What is the purpose of the procedure?
The purpose of the epidural steroid injection procedure is to place a volume of long-acting cortisone around the spinal cord. This is to decrease the inflammation of the nerves. Its goal is to decrease your neck, back, arm, and/or leg pain.
How is it performed?
You will lie on your stomach on a special table, which allows for X-ray viewing of your spine. Your doctor will carefully and slowly anesthetize the injection site and place a small needle in the epidural space (space around the nerves). Often, a small volume of contrast will be injected to make certain the needle is in the correct position. At this point, the cortisone will be injected.
How long does the procedure take?
The procedure takes about five to ten minutes to perform.
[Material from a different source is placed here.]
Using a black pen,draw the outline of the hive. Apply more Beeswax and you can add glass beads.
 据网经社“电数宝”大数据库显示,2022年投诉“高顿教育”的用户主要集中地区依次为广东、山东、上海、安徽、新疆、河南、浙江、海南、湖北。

You may be required to change into a gown and might need to stay a few minutes after the procedure before leaving. It would be best if you did not plan on driving home and had a friend or relative come with you.
What are the risks?
The biggest risk from the procedure is that it will not help you to any great degree. The amount of pain relief you can expect from this procedure is extremely variable and cannot be predicted prior to performing it. The other most common risk would be that the needle is placed into the nerves instead of around the nerves. If this happens, the needle will have gone through the dural membrane, similar to what happens when a myelogram is performed. The problem this presents is that you may develop headaches after the procedure, which could last several days and could even require a second procedure of placing blood from your arm into the area to produce what is called a blood patch. Please ask your doctor any questions you may have about these risks.
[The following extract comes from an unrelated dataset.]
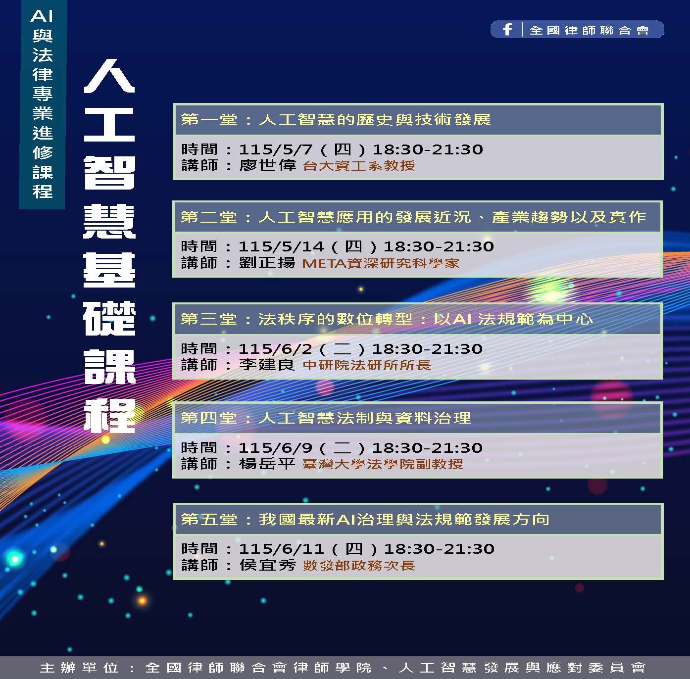 1.本課程為人工智慧(AI)與法律專業進修課程「基礎核心課程:人工智慧導論」之12小時必修時數。未取得本會開設的必修課程時數,無法取得人工智慧(AI)與法律專業進修課程認證。
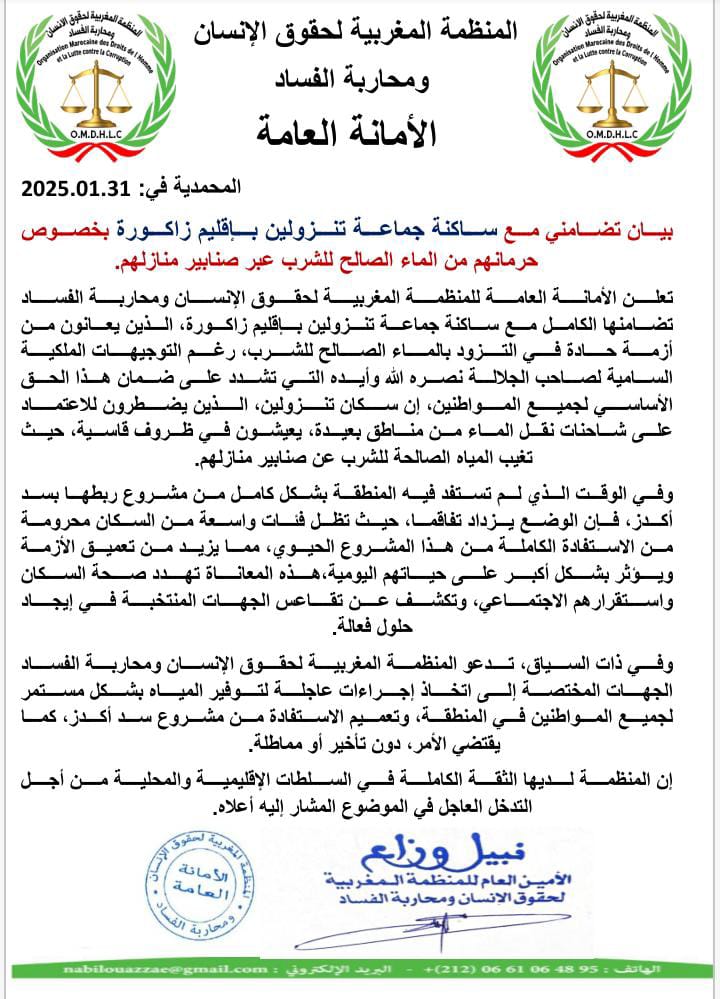 تعلن الأمانة العامة للمنظمة المغربية لحقوق الإنسان ومحاربة الفساد تضامنها الكامل مع ساكنة جماعة تنزولين بإقليم زاكورة، الذين يعانون من أزمة حادة في التزود بالماء الصالح للشرب، رغم التوجيهات الملكية السامية لصاحب الجلالة نصره الله وأيده التي تشدد على ضمان هذا الحق الأساسي لجميع المواطنين.

How well does an epidural steroid injection work?
This is extremely variable. It cannot be predicted who will benefit or for how long you may benefit from the injection. Often, it is done in an attempt to avoid a surgical approach. We generally perform one epidural steroid injection and would only consider a second if the first one was helpful for a period of time. Some doctors do a series of epidural steroid injections in rapid succession.